Some tracks, of course, lean a little more one way than the other – “Feast for Parasites” is more the former, “Dogma” the latter – but overall the group’s second albums shows just how adept they are at threading the needle and blurring the boundaries between the two sides/sounds, especially during the likes of the unexpectedly melodic, lethally infectious “Overdose” and increasingly harsh and heavy, seven minute closer “Eradication”, both of which position them as a band more than capable of standing right alongside the very best of their peers and/or predecessors.

MAGDALENE – ASHEN

Portland’s Magdalene are a band we’ve had an eye on for a while now, as their particlar blend of Black Metal, Sludge, and Hardcore elements/influences ticks a lot of boxes for the core NCS crew.

But while previous works (2021’s Lightcarver and 2023’s The Dying Process) earned the group some positive comparisons to the likes of IskraTotem Skin, and King Apathy, their new record finds them plumbing an even darker vein of venom and viscera that has more in common with the likes of This Gift Is A Curse, Wolvhammer and – especially when they dial up the punky poison – Young and in the Way.
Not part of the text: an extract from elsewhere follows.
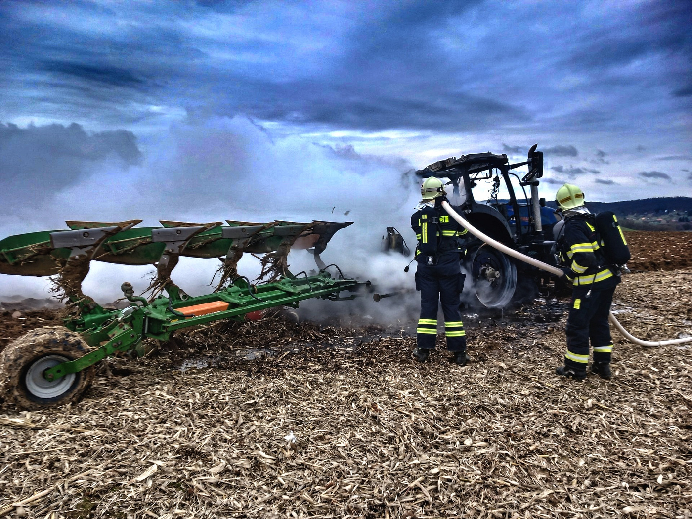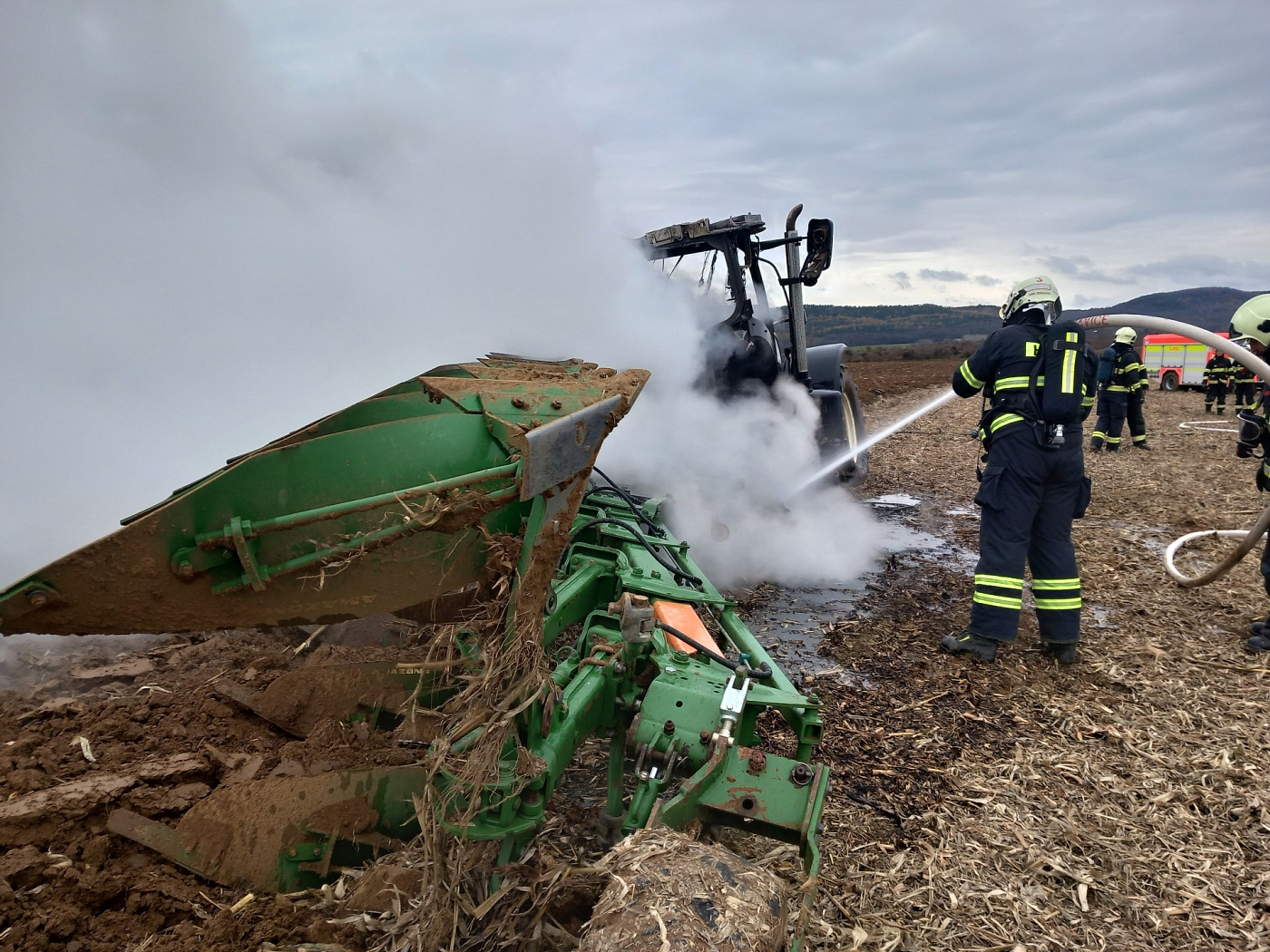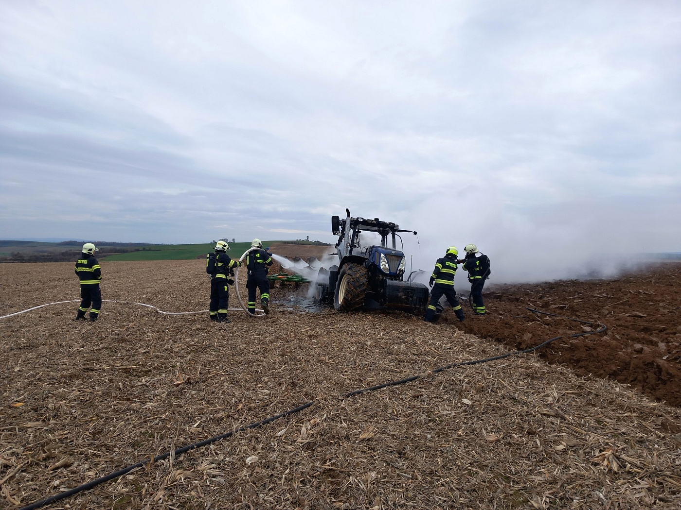 Ve Skalce na Hodonínsku zlikvidovala profesionální jednotka hasičů z Kyjova spolu s dobrovolnou jednotkou z Žeravic požár traktoru.

That’s not to say that Magdalene don’t have their own take on this sort of sound – indeed, there’s an unsettling undercurrent of sinister ambience running through stand-out tracks like “Bleed Through the Ashes” (whose mix of subtly melodic menace and merciless intensity, building to a sludge-soaked, slow-burn, scorched-earth finale) and “Canopy” (whose eerie introduction is matched in turn by a disturbingly discordant, doom-laden finale) – it’s more that the harsher, heavier approach found on Ashen has put them in even harsher, heavier company this time around.

And, make no mistake about it, the band’s third album is absolutely the harshest, heaviest thing they’ve done – the guitars chug and churn with more weight and impact (just give “Aqabal” a listen), the rabid snarls and gritty growls bite harder and deeper – but also, arguably, the most intricately arranged (cathartic closer “Exhausted” in particular is all push and pull between surging fury and seething dread), making it… yes… their best work yet.
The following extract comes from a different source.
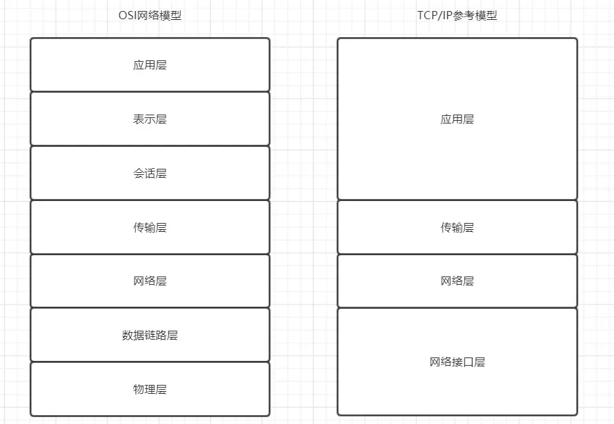 TCP/IP参考模型可以视为是OSI模型的精简版,它们由这样的对应关系:

WINTER GRAVES – UNDER THE MIKWAM

Delivering 10 (well, 8, actually, plus one intro and on interlude) track of ferocious, frost-encrusted (“Mikwam” is the Ojibwe word for “ice”, I learned after checking out this album) Black Metal Punk, the first album from Indigenous Canadian quartet Winter Graves is definitely more on the raw side of things, but to my ears that gives it a nastier, gnarlier edge and a greater sense of elemental energy, that a more polished production job would probably rob it of.

Sitting somewhere between early Darkthrone and Amebix, the likes of “Under the Mikwam” and “Corrupt Mortality” batter away at your senses with a barrage of blood-pumping d-beats, face-melting blastbeats, and ear-scraping, amp-distorting guitars should also appeal just as much to fans of more modern Punk-Metal warriors like Bone Awl and Invunche as they do to the scene’s most revered ancestors (and that’s no bad thing, either).
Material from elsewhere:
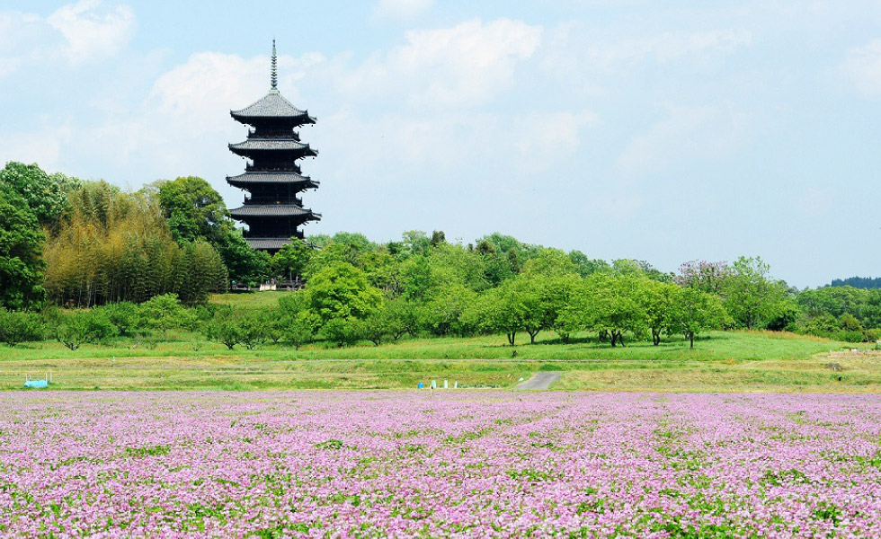 備中国分寺前の田畑では、レンゲや菜の花など季節ごとに見られる風景が変わるので、見頃の時期をチェックしてみましょう。

Equally unafraid of a sickendingly infectious groove (“Northern Spectre”), a hoof-pounding, early-Immortal inspired gallop (“In the Thralls of the Arctic Fortress”), or an obliterating blizzard of blasting intensity (“Dweller of the Silent Places” is reminiscent of Death Fortress at their most punishing), Under the Mikwam is as coldly compelling (borderline catchy at times) as it is nigh-on unrelenting, as befits an album which – in the band’s own words – was conceived and written in tribute to “the unchanging power of nature in its most unforgiving form.”